> **The problem**: Print only the lines from the one with "寒がりなアミ姐さんは気温の低" through the end of the data, exactly, and please omit pictures.

Records contained in a dataset
*****

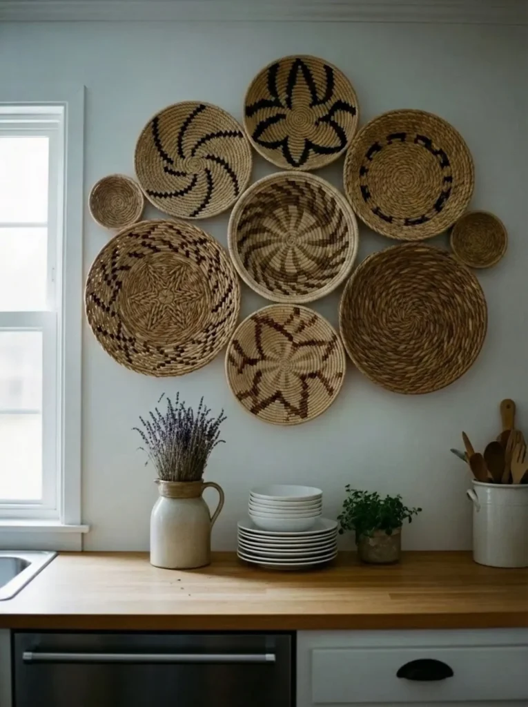 I love how this idea turns something as humble as baskets into a statement moment. It feels warm and inviting in a way that makes you want to slow down and enjoy your kitchen a little more. I always find myself drawn to wall decor that adds character without feeling busy and this hits that sweet spot. It gives the room such a charming lived in vibe and feels like the kind of detail guests always notice and ask about.
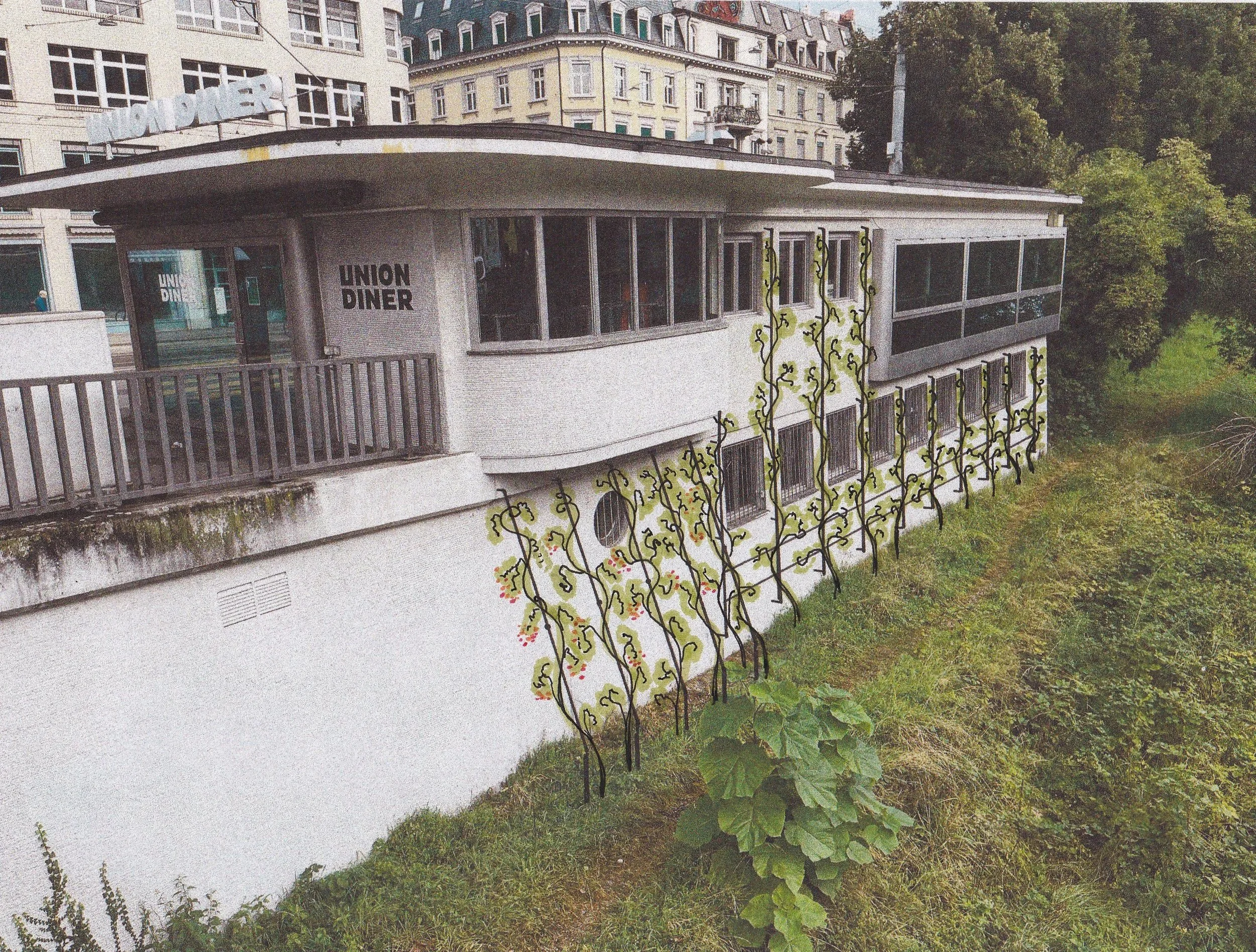 Konzept und Vorprojektskizzen für eine Genossenschaft in Zürich. Bodengebunde Vertikalbegrünung an Rankhilfe. (2023)
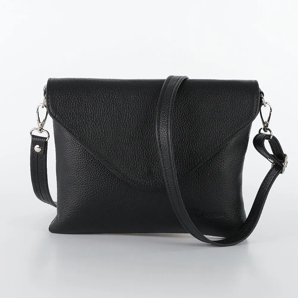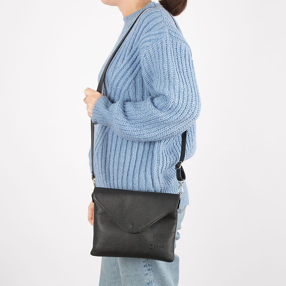 Сумка-клатч от торговой марки Poshete из натуральной кожи черного цвета. Плоская модель со съемным регулируемым плечевым ремнем. Закрывается треугольным клапаном на магнитной кнопке. Отделение на молнии. Внутри: фирменная подкладка, карман на молнии, накладной карман. На задней стороне – карман на скрытой молнии.
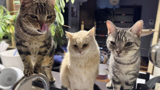 寒がりなアミ姐さんは気温の低い日はホイホイに潜って寝がちですがよく晴れて暖かい日には窓辺の箱の上にやってきて時々、外をすんすんしながら機嫌よくたっぷり日光浴。リビングにいる時間も長くなり人間たちの食事が終わるのをテーブルの端で待っていて最近...
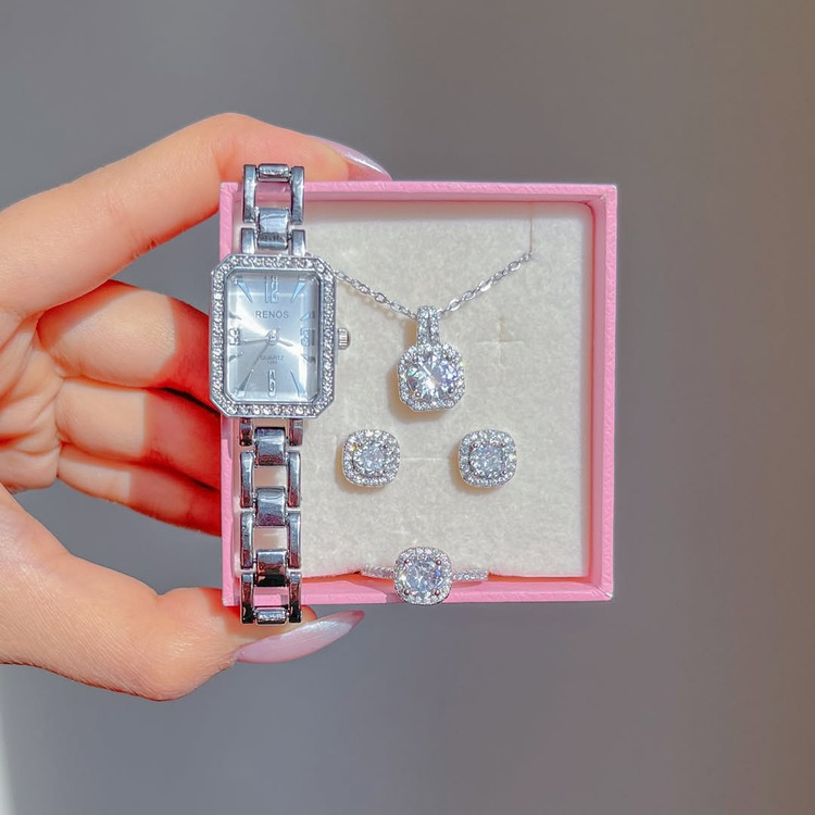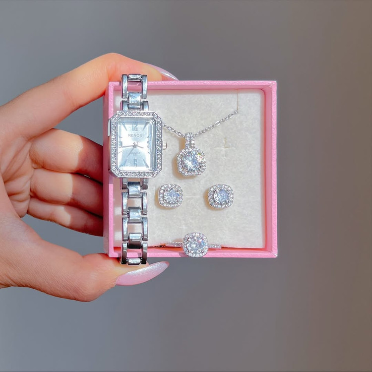 نیم ست شامل گوشواره میخی و انگشتر فری سایز با ثبات رنگ خوب و ساعت اقتصادی جذاب با بند کوتاه. ریزش نگین ندارد.

*****

> **Solution to this task**:
 寒がりなアミ姐さんは気温の低い日はホイホイに潜って寝がちですがよく晴れて暖かい日には窓辺の箱の上にやってきて時々、外をすんすんしながら機嫌よくたっぷり日光浴。リビングにいる時間も長くなり人間たちの食事が終わるのをテーブルの端で待っていて最近...
 نیم ست شامل گوشواره میخی و انگشتر فری سایز با ثبات رنگ خوب و ساعت اقتصادی جذاب با بند کوتاه. ریزش نگین ندارد.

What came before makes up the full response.